____ Provided data
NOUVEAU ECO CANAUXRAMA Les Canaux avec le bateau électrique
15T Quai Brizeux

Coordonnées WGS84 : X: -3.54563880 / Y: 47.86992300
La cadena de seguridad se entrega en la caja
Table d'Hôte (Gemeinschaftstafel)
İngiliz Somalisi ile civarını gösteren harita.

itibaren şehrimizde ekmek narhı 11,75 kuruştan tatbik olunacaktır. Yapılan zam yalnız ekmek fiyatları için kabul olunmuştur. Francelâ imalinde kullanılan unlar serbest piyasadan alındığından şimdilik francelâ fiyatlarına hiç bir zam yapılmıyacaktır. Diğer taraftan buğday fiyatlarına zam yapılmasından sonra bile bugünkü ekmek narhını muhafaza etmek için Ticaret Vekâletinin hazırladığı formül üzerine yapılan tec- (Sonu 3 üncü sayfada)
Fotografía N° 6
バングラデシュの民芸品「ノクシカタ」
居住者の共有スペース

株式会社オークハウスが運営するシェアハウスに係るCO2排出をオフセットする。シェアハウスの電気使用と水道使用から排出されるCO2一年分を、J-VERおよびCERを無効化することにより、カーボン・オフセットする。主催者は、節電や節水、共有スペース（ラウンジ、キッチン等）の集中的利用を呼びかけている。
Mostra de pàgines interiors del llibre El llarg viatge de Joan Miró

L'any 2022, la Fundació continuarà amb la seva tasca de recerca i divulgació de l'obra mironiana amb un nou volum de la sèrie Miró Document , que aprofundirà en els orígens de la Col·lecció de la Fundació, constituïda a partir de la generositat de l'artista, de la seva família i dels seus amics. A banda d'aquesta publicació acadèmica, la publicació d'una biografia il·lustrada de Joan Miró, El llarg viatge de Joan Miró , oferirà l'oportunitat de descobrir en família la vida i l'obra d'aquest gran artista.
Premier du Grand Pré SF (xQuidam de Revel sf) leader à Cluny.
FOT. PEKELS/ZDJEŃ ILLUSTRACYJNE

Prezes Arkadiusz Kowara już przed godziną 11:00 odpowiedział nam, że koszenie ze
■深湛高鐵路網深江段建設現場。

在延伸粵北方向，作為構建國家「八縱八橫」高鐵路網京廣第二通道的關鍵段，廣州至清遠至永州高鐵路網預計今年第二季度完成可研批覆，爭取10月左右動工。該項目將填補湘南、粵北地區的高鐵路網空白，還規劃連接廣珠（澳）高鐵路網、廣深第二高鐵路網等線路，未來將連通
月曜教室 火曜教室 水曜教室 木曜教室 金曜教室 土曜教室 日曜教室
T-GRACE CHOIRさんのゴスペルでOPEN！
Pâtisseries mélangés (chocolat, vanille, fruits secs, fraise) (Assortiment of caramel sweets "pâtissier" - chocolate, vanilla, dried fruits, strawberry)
________
Task objective —
Set down all of the data above, word for word.

Task output —
NOUVEAU ECO CANAUXRAMA Les Canaux avec le bateau électrique
15T Quai Brizeux

Coordonnées WGS84 : X: -3.54563880 / Y: 47.86992300
La cadena de seguridad se entrega en la caja
Table d'Hôte (Gemeinschaftstafel)
İngiliz Somalisi ile civarını gösteren harita.

itibaren şehrimizde ekmek narhı 11,75 kuruştan tatbik olunacaktır. Yapılan zam yalnız ekmek fiyatları için kabul olunmuştur. Francelâ imalinde kullanılan unlar serbest piyasadan alındığından şimdilik francelâ fiyatlarına hiç bir zam yapılmıyacaktır. Diğer taraftan buğday fiyatlarına zam yapılmasından sonra bile bugünkü ekmek narhını muhafaza etmek için Ticaret Vekâletinin hazırladığı formül üzerine yapılan tec- (Sonu 3 üncü sayfada)
Fotografía N° 6
バングラデシュの民芸品「ノクシカタ」
居住者の共有スペース

株式会社オークハウスが運営するシェアハウスに係るCO2排出をオフセットする。シェアハウスの電気使用と水道使用から排出されるCO2一年分を、J-VERおよびCERを無効化することにより、カーボン・オフセットする。主催者は、節電や節水、共有スペース（ラウンジ、キッチン等）の集中的利用を呼びかけている。
Mostra de pàgines interiors del llibre El llarg viatge de Joan Miró

L'any 2022, la Fundació continuarà amb la seva tasca de recerca i divulgació de l'obra mironiana amb un nou volum de la sèrie Miró Document , que aprofundirà en els orígens de la Col·lecció de la Fundació, constituïda a partir de la generositat de l'artista, de la seva família i dels seus amics. A banda d'aquesta publicació acadèmica, la publicació d'una biografia il·lustrada de Joan Miró, El llarg viatge de Joan Miró , oferirà l'oportunitat de descobrir en família la vida i l'obra d'aquest gran artista.
Premier du Grand Pré SF (xQuidam de Revel sf) leader à Cluny.
FOT. PEKELS/ZDJEŃ ILLUSTRACYJNE

Prezes Arkadiusz Kowara już przed godziną 11:00 odpowiedział nam, że koszenie ze
■深湛高鐵路網深江段建設現場。

在延伸粵北方向，作為構建國家「八縱八橫」高鐵路網京廣第二通道的關鍵段，廣州至清遠至永州高鐵路網預計今年第二季度完成可研批覆，爭取10月左右動工。該項目將填補湘南、粵北地區的高鐵路網空白，還規劃連接廣珠（澳）高鐵路網、廣深第二高鐵路網等線路，未來將連通
月曜教室 火曜教室 水曜教室 木曜教室 金曜教室 土曜教室 日曜教室
T-GRACE CHOIRさんのゴスペルでOPEN！
Pâtisseries mélangés (chocolat, vanille, fruits secs, fraise) (Assortiment of caramel sweets "pâtissier" - chocolate, vanilla, dried fruits, strawberry)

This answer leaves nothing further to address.